> **Working data**:
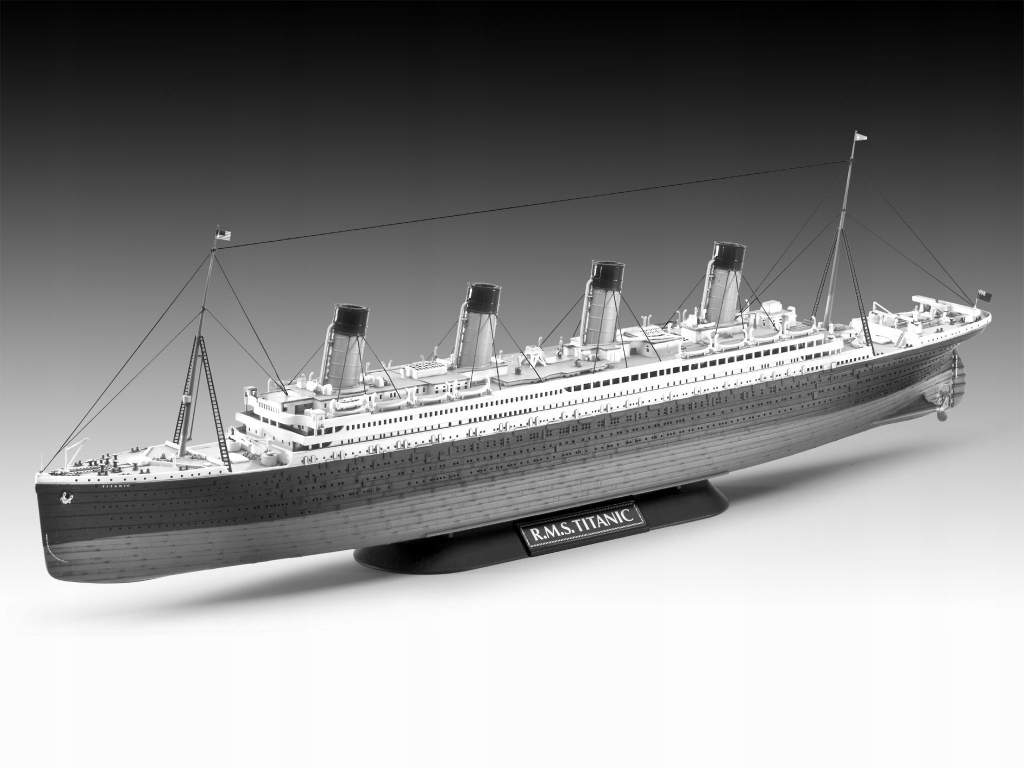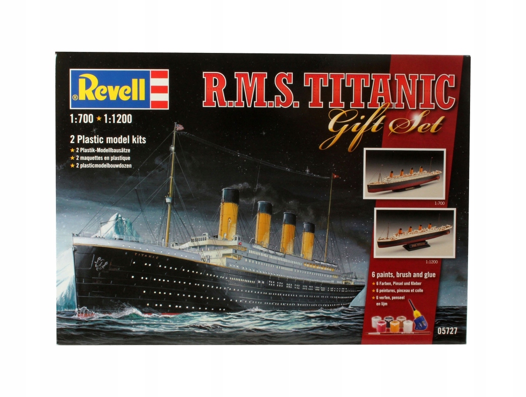 Zestaw upominkowy z dwoma modelami R.M.S. Titanic w skali 1:700 i 1:1200. Oprócz sześciu podstawowych kolorów farbek w zestawie znajduje się również klej i pędzel.R.M.S. Titanic to brytyjski transatlantyk typu Olympic, należący do towarzystwa okrętowego White Star Line. Podczas swojego dziewiczego rejsu z Southampton do Nowego Jorku zderzył się 14 kwietnia 1912 roku z górą lodową i zatonął.Cechy zestawu:Łatwy w budowie dzięki sprężystości komponentówSzczegółowo odwzorowany kadłub z widoczną strukturą materiałuTrzy śruby okrętoweSzczegółowe pokłady z drewnianą strukturą desekNadbudówki pokładowe z oknamiŁodzie ratunkoweDźwigi towaroweSzczegółowe kominyPodstawka ekspozycyjnaSzczegółowe kalkomanie
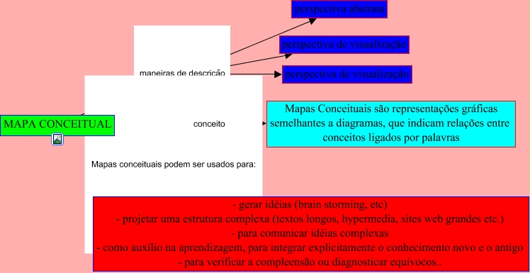 Este Cmap, tiene información relacionada con: denise, MAPA CONCEITUAL maneiras de descrição perspectiva de visualização, MAPA CONCEITUAL conceito Mapas Conceituais são representações gráficas semelhantes a diagramas, que indicam relações entre conceitos ligados por palavras, MAPA CONCEITUAL maneiras de descrição perspectiva de visualização, MAPA CONCEITUAL maneiras de descrição perspectiva abstrata, MAPA CONCEITUAL Mapas conceituais podem ser usados para: - gerar idéias (brain storming, etc) - projetar uma estrutura complexa (textos longos, hypermedia, sites web grandes etc.) - para comunicar idéias complexas - como auxílio na aprendizagem, para integrar explicitamente o conhecimento novo e o antigo - para verificar a compleensão ou diagnosticar equívocos..
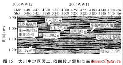 經(jīng)地震資料分析,大川中地區(qū)須家河組沉積地形相對(duì)平緩,再加上湖流、湖浪對(duì)早期沉積的三角洲相深度改造,須二、須四段不發(fā)育諸如前積、河道充填等地震相類型,而發(fā)育弱振幅地震相、斷續(xù)(弱一斷續(xù))反射地震相和連續(xù)反射地震相(圖15)。
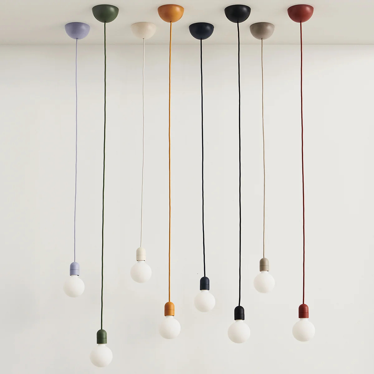 Il Common Cord Set è un versatile set di cavi con componenti in colori coordinati. Disponibile in due varianti, per lampade a sospensione e da tavolo, il set è compatibile con numerose tonalità Hay e può anche essere utilizzato da solo con una lampadina E27. Entrambi i modelli sono disponibili in numerose opzioni di colore per creare una soluzione di illuminazione funzionale e colorata.
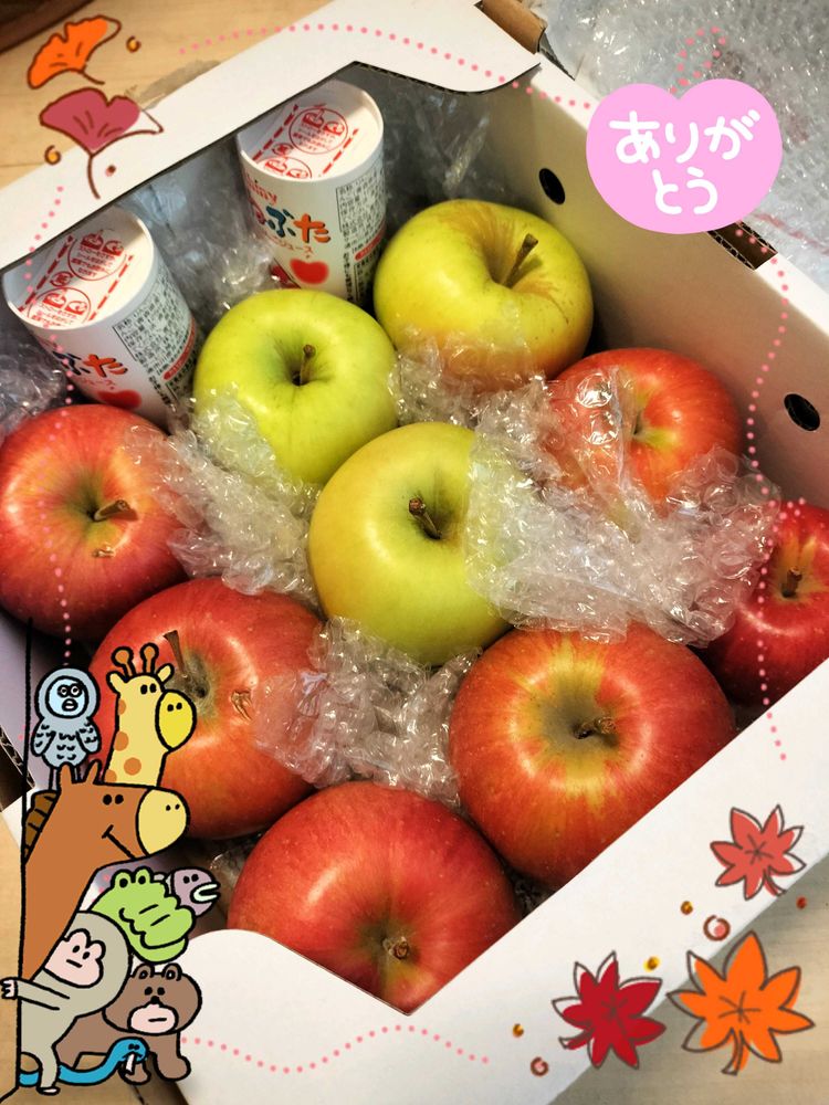 5枚目〜青森の花友さんから美味しいりんご🍏🍎が届きましたヾ(˙❥˙)ノ💕💕💕果物大好きだからマンモスうれぴー🤭🤭🤭
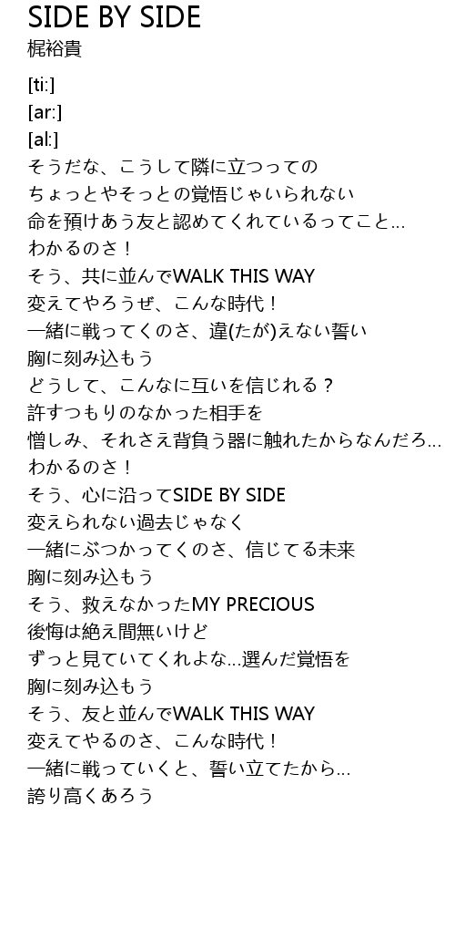 | [01:48.16] | xīn yán SIDE BY SIDE |

> **Instructions for the task**:
In the copy, include no pictures; transcribe every record above verbatim.

> **Your solution**:
 Zestaw upominkowy z dwoma modelami R.M.S. Titanic w skali 1:700 i 1:1200. Oprócz sześciu podstawowych kolorów farbek w zestawie znajduje się również klej i pędzel.R.M.S. Titanic to brytyjski transatlantyk typu Olympic, należący do towarzystwa okrętowego White Star Line. Podczas swojego dziewiczego rejsu z Southampton do Nowego Jorku zderzył się 14 kwietnia 1912 roku z górą lodową i zatonął.Cechy zestawu:Łatwy w budowie dzięki sprężystości komponentówSzczegółowo odwzorowany kadłub z widoczną strukturą materiałuTrzy śruby okrętoweSzczegółowe pokłady z drewnianą strukturą desekNadbudówki pokładowe z oknamiŁodzie ratunkoweDźwigi towaroweSzczegółowe kominyPodstawka ekspozycyjnaSzczegółowe kalkomanie
 Este Cmap, tiene información relacionada con: denise, MAPA CONCEITUAL maneiras de descrição perspectiva de visualização, MAPA CONCEITUAL conceito Mapas Conceituais são representações gráficas semelhantes a diagramas, que indicam relações entre conceitos ligados por palavras, MAPA CONCEITUAL maneiras de descrição perspectiva de visualização, MAPA CONCEITUAL maneiras de descrição perspectiva abstrata, MAPA CONCEITUAL Mapas conceituais podem ser usados para: - gerar idéias (brain storming, etc) - projetar uma estrutura complexa (textos longos, hypermedia, sites web grandes etc.) - para comunicar idéias complexas - como auxílio na aprendizagem, para integrar explicitamente o conhecimento novo e o antigo - para verificar a compleensão ou diagnosticar equívocos..
 經(jīng)地震資料分析,大川中地區(qū)須家河組沉積地形相對(duì)平緩,再加上湖流、湖浪對(duì)早期沉積的三角洲相深度改造,須二、須四段不發(fā)育諸如前積、河道充填等地震相類型,而發(fā)育弱振幅地震相、斷續(xù)(弱一斷續(xù))反射地震相和連續(xù)反射地震相(圖15)。
 Il Common Cord Set è un versatile set di cavi con componenti in colori coordinati. Disponibile in due varianti, per lampade a sospensione e da tavolo, il set è compatibile con numerose tonalità Hay e può anche essere utilizzato da solo con una lampadina E27. Entrambi i modelli sono disponibili in numerose opzioni di colore per creare una soluzione di illuminazione funzionale e colorata.
 5枚目〜青森の花友さんから美味しいりんご🍏🍎が届きましたヾ(˙❥˙)ノ💕💕💕果物大好きだからマンモスうれぴー🤭🤭🤭
 | [01:48.16] | xīn yán SIDE BY SIDE |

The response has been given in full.